Колизей расположен непосредственно около республиканского форума, который был центральной площадью города. Строители амфитеатра Флавиев хотели не только поставить его в центре города, но и сам Колизей сделать новым городским центром и заменить им площадь народных собраний времен республики. Кроме того, постройка амфитеатра для широких слоев городского столичного населения на месте Золотого дома свергнутого тирана была, конечно, политической демонстрацией и средством добиться популярности. Однако стародавняя неправильная распланировка Рима препятствовала более ясному и наглядному осуществлению архитектурного замысла Колизея как центра столицы.

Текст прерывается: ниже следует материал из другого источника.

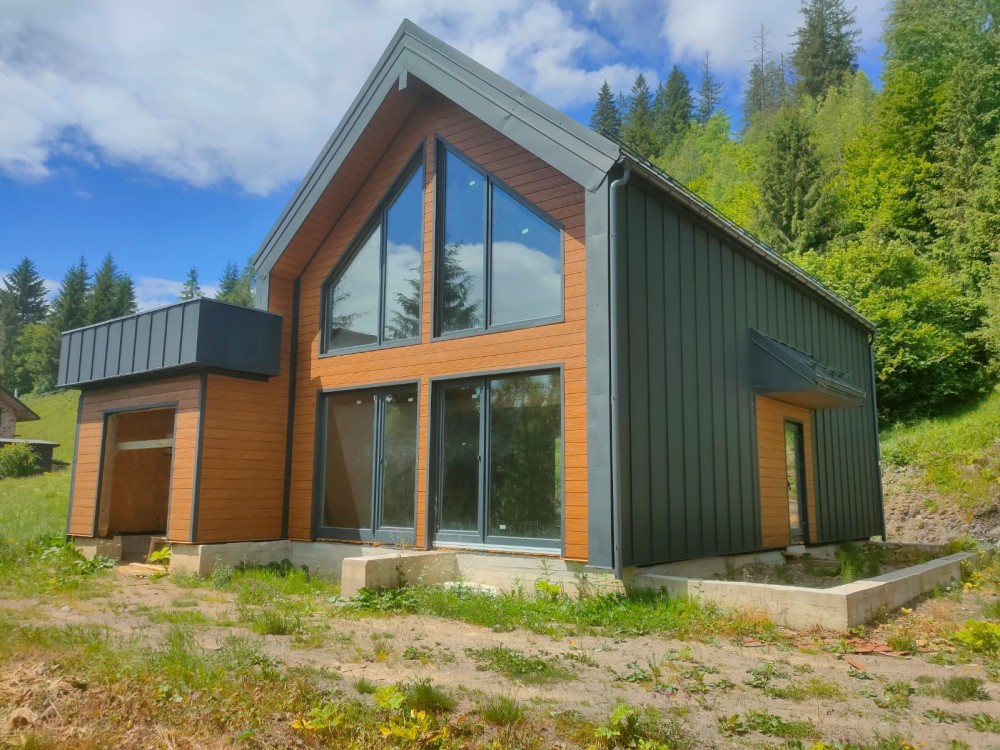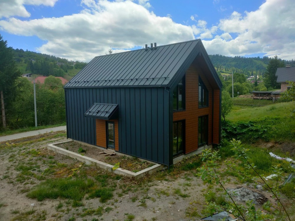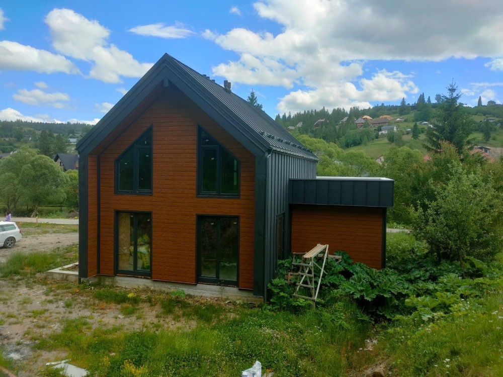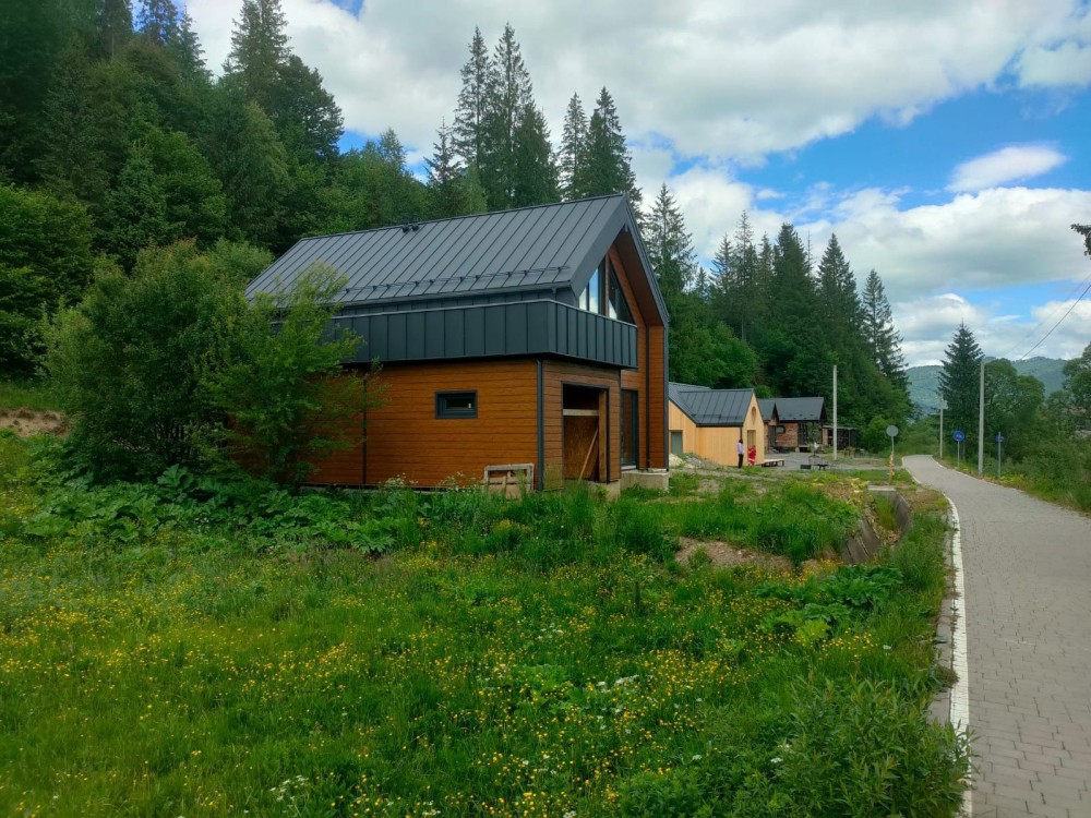 Продам будинок без внутрішніх робіт у Славську по вул.Устяновича. Стиль барн-хауз, 167м2. Вода, каналізація, електрика 3ф/15кВт. Ділянка 7,5сотих, насипна та рівна. Спереду будинку річка, ззаду гора вкрита лісом. Асфальтований доїзд, без підйомів. Є дизайн-проект внутрішнього облаштування. 3км від центру нового курорту. Власник.
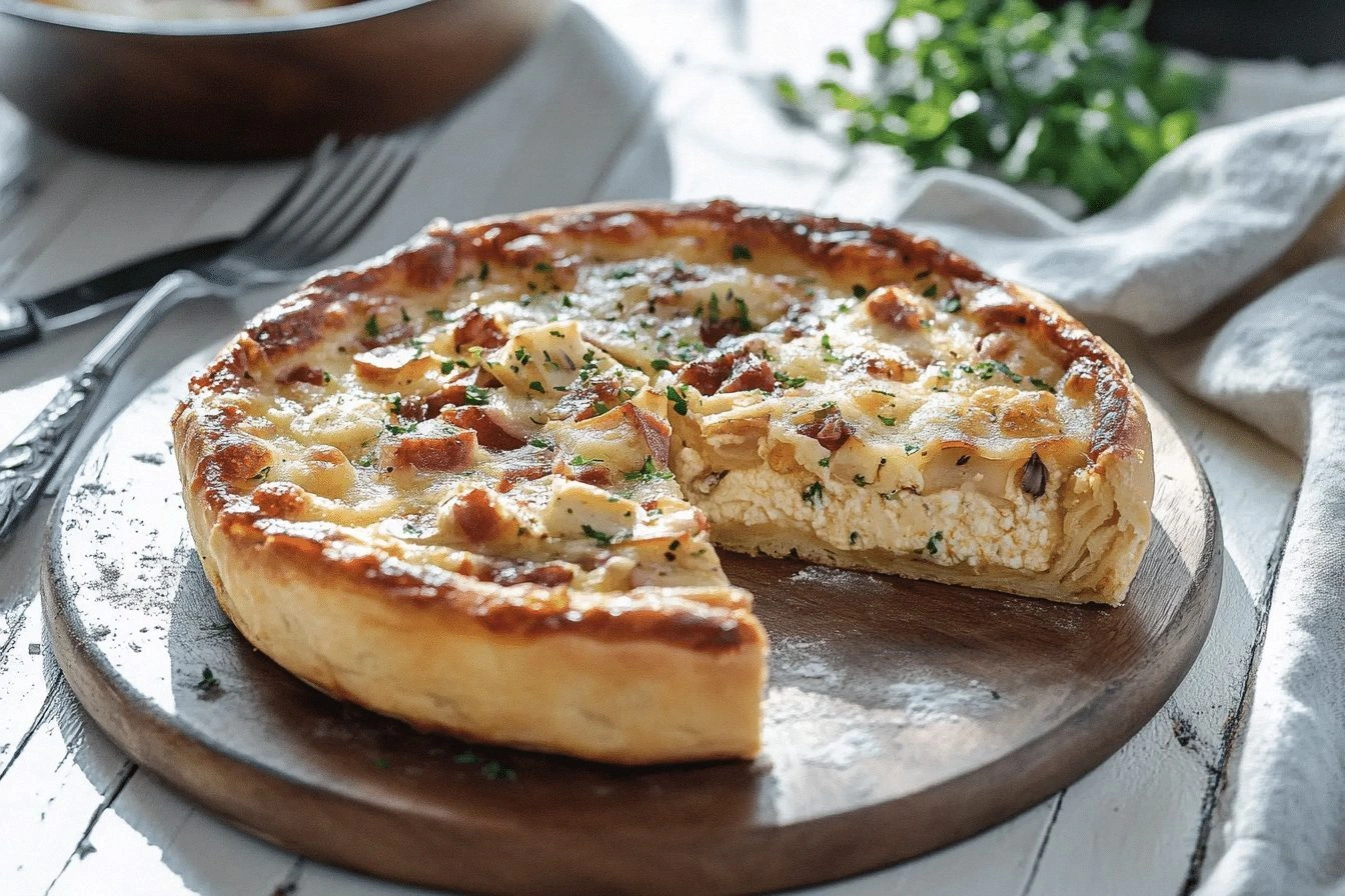 Use a vegan pie crust and substitute eggs with aquafaba or flaxseed meal. Replace mozzarella with a plant‑based mozzarella alternative and ricotta with a cashew‑based ricotta. This approach keeps the texture creamy while eliminating dairy, making the dish suitable for vegans.
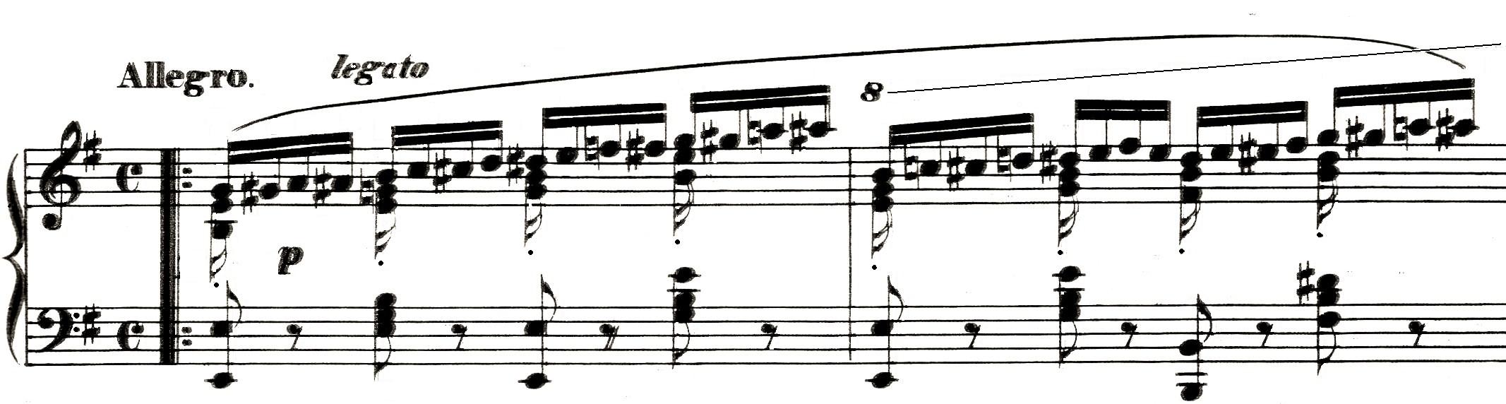 쇼팽은 반음계 음계를 셈프레 레가토 (항상 부드럽게 이어서)로 연주할 것을 요구했는데, 이는 스타카토로 연주되는 반주 화음과 뚜렷한 대조를 이룬다.
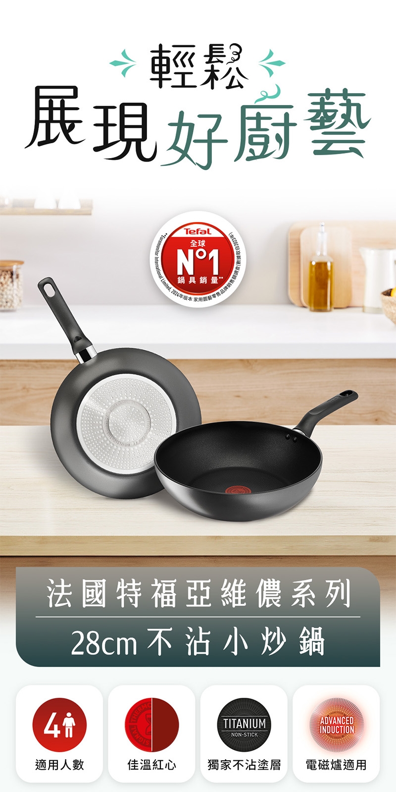 Tefal法國特福 亞維儂系列28CM不沾小炒鍋(適用電磁爐)
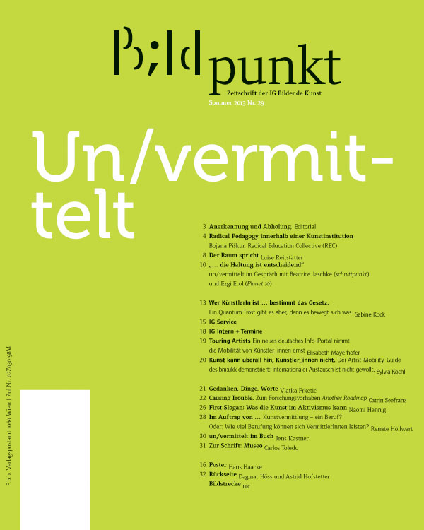 Der Vorstand ein Team aktiver Künstlerinnen vertritt die IG Bildende Kunst nach außen. Zentral sind dabei ästhetische aktivistische und theoretische Strategien samt ihrer gegenseitigen Verschränkungen und Überschneidungen. Und andere nützliche Infos in der Covid-19-Krise.
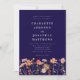 Boho chic floral Fall navy blue and white wedding invitation with watercolor Wildflower Meadow hand painted flowers. This elegant navy blue Wedding Invitation, a stunning blend of autumnal charm and elegant sophistication. This watercolor design showcases hand-painted wildflowers in a vibrant garden meadow, with a rich palette of burnt orange, terracotta, brown, purple, yellow, coral, burnt umber, peach, and soft pink, capturing the warmth and beauty of the fall season on an elegant navy blue background. Elegant modern white typography adds a refined touch, while the whimsical florals bring a personal, boho flair to your invitation. With easy-to-use templates, you can effortlessly customise all your essential wedding details.
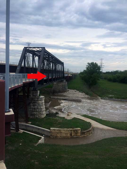 The USB is right off the Spring Creek Nature Trail. It is in the side of an old concrete railroad trestle just to the west of the DART train overhead – which is just west of Routh Creek Parkway between Glenville and Renner. If you are walking, you can park at Renner and US75 and follow the trail into the woods. When you reach the DART train overhead, turn and you can see the concrete trestle, right off the concrete trail. Walk down to it and the USB is glued to the North side, in the center.
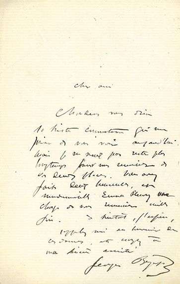 « Cher ami Choudens vous dira la triste circonstance qui me prive de vous voir aujourd’hui. Mais je ne veux pas rester plus longtemps sans vous remercier de vos deux places. Vous avez fait deux heureuses, et Mademoiselle Emma Fleury me charge de vous remercier mille fois »...
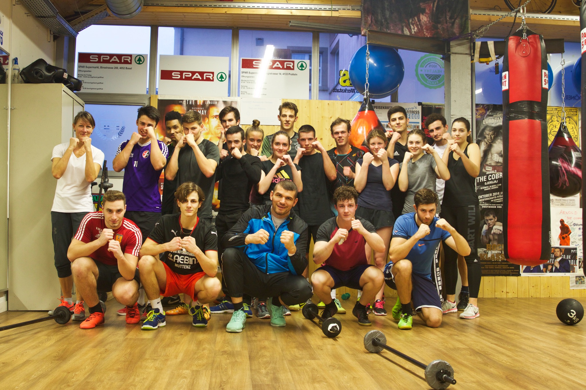 Im Rahmen des Ergänzungsfach Sport besuchen wir Arnolds Boxfit in Pratteln (https://arnoldboxfit.ch/). Seit fast zwei Jahren arbeitet der Profi hier in seinem Studio. Das mit vielen persönlichen Erinnerungen ausgeschmückte Studio macht Lust auf das Training. Der Meister persönlich führt uns in die Geheimnisse des Boxens ein. Alle Konditionsfaktoren werden beim Fitnessboxen gefördert. Neben Kraft und Ausdauer insbesondere auch die koordinativen Fähigkeiten. Beim intensiven Training werden Stress ab- und ein gutes Körpergefühl aufgebaut. Das Interesse am Boxsport steigt seit Jahren an. Die boomende Fitnessbranche hat die Sportart für sich entdeckt und spricht durch vielfältige Trainingsmöglichkeiten eine grosse Zielgruppe an. Die Kobra erzählt uns: „Der jüngste Boxer im Studio ist 7, der älteste 70 Jahre alt. Am Morgen haben wir Frauenboxen und über Mittag kommen die Businessleute.“
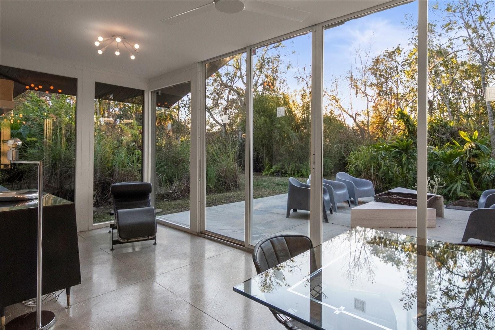 This private wooded 0.6 acre lot is located conveniently halfway between downtown Sarasota and the UTC Mall. Built in 1984, this unique home gives a Mid Century vibe. With its glassed-in sunroom adjacent to the great room and kitchen, the home is bright and cheery. The open floor plan opens up onto the vast back yard that continues endlessly on protected preserve land. The patio area is just off the sunroom and offers plenty of space both covered and open for entertaining. The built-in outdoor grill and covered patio are perfect for an al fresco dining experience. Lighted walking paths wander around the pond and the backyard glows with lots of landscape lighting. With the lush irrigated landscaping, the backyard resembles a mini Selby Garden. The three bedrooms and three bathrooms offer lots of options for a den or office setting. All bathrooms have been remodeled with a sleek modern design. You also have an option to step into the private backyard for an outdoor shower experience! Though the house is located on the edge of a flood zone, it has never flooded and sits higher than most homes in the neighborhood. The home has a newer metal roof that will last for decades. This is a very cool home on a unique lot in a great location and you will be impressed by both the home and setting. Call for a showing today!
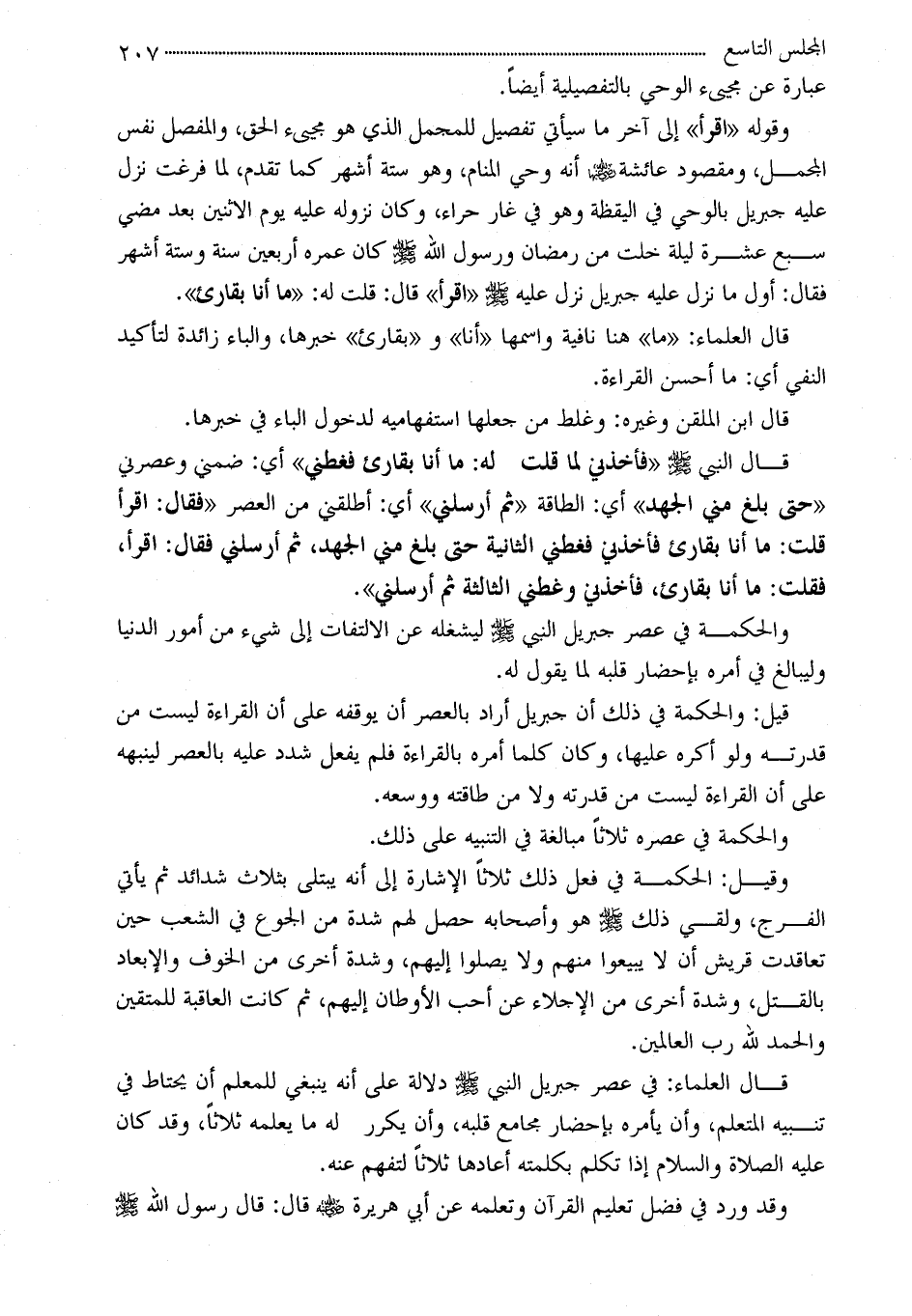قال العلماء: في عصر جبريل النبي - صلى الله عليه وسلم - دلالة على أنه ينبغي للمعلم أن يحتاط في تنبيه المتعلم، وأن يأمره بإحضار مجامع قلبه، وأن يكرر له ما يعلمه ثلاثاً، وقد كان عليه الصلاة والسلام إذا تكلم بكلمته أعادها ثلاثاً لتفهم عنه.

Амфитеатры служили первоначально для выступлений гладиаторов, к которым присоединилась потом травля зверей. С течением времени эти представления все усложнялись, и в конце концов дело дошло до настоящих сухопутных и водных сражений. Зверей выпускали на арену из нижних помещений под поверхностью земли, в которых они содержались. Для водных сражений арена наполнялась водой, которую доставлял к ней особый акведук, и на это искусственное озеро пускали большие корабли. Форма амфитеатра отличается от театрального здания тем, что места для зрителей со всех сторон окружают арену и что в амфитеатре совершенно отсутствует сцена, растянутая в театре в ширину и развертывающая перед зрителем картину. Эволюция театра в Греции и Риме шла в сторону усиления зрительного характера сцены. В амфитеатре зрительное восприятие опять совершенно отодвинуто на задний план двигательным моментом. Правда, и в амфитеатре зритель в течение всего представления сидит на одном месте, но места для зрителей со всех сторон охватывают действие, и в силу этого и каждый отдельный зритель растворяется во всей массе зрителей и коллективным взглядом с различных точек зрения смотрит на представление. Это очень активизирует и динамизирует зрителя и его восприятие. В связи с этим и само движение действующих лиц развивается не только в двух измерениях (направо и налево), но в трех измерениях, причем на арене перекрещивается бесконечное количество направлений. Римский амфитеатр означает до известной степени возвращение к той ранней ступени развития греческого театра, когда главное действие сосредоточивалось в орхестре, которую окружала толпа зрителей, т. е. к доклассическому театру. Однако очень существенна эллиптическая форма арены и всего амфитеатра. Круглая орхестра значительно более статична, так как она имеет только один центр, который притягивает к себе и останавливает движение. Эллиптический амфитеатр имеет два центра, между которыми по соединяющей их оси образуется движение, захватывающее весь эллипсис арены и мест для зрителей, который поэтому значительно больше проникнут динамикой, чем равномерно развитый во все стороны и замкнутый в себе круг.

Рис. 177. Рим. Колизей

Эллинистические формы больших зрелищных зданий — театр и стадион — в основном являются функпионалистическими постройками, в которых архитектура исключительно ставит себе задачу служить рамой для сборища людей и по возможности стушеваться и отойти на задний план перед человеком; кроме того, они не обладают всесторонне замкнутой композицией, так как они всегда открыты в одну сторону, — театр в сторону сцены, стадион в сторону одной из узких сторон, которая служит на него въездом. В римском амфитеатре, уже в помпеянском, места для зрителей обходят эллиптическую арену кругом, так что всесторонне замыкается кольцо собравшихся. Эта замкнутость и законченность напоминают классический греческий периптер. С другой стороны, шагом колоссальной важности является вполне завершенный в Колизее процесс подъема погруженного в землю эллинистического вместилища для зрителей над поверхностью земли. Колизей стоит на совершенно ровной площадке и целиком основан на субструкциях. Применительно к амфитеатру это тот же процесс, который выше был отмечен для театров при анализе театра Марцелла (стр. 229). Благодаря расположению его на ровном месте в амфитеатре образовалось непрерывное кольцо наружных стен, проведенное еще более последовательно, чем в римском театре, так как амфитеатр развивается совершенно равномерно во все стороны. Эти наружные стены отделяют внутреннее пространство от пространства природы и этим еще сильнее замыкают его в себе.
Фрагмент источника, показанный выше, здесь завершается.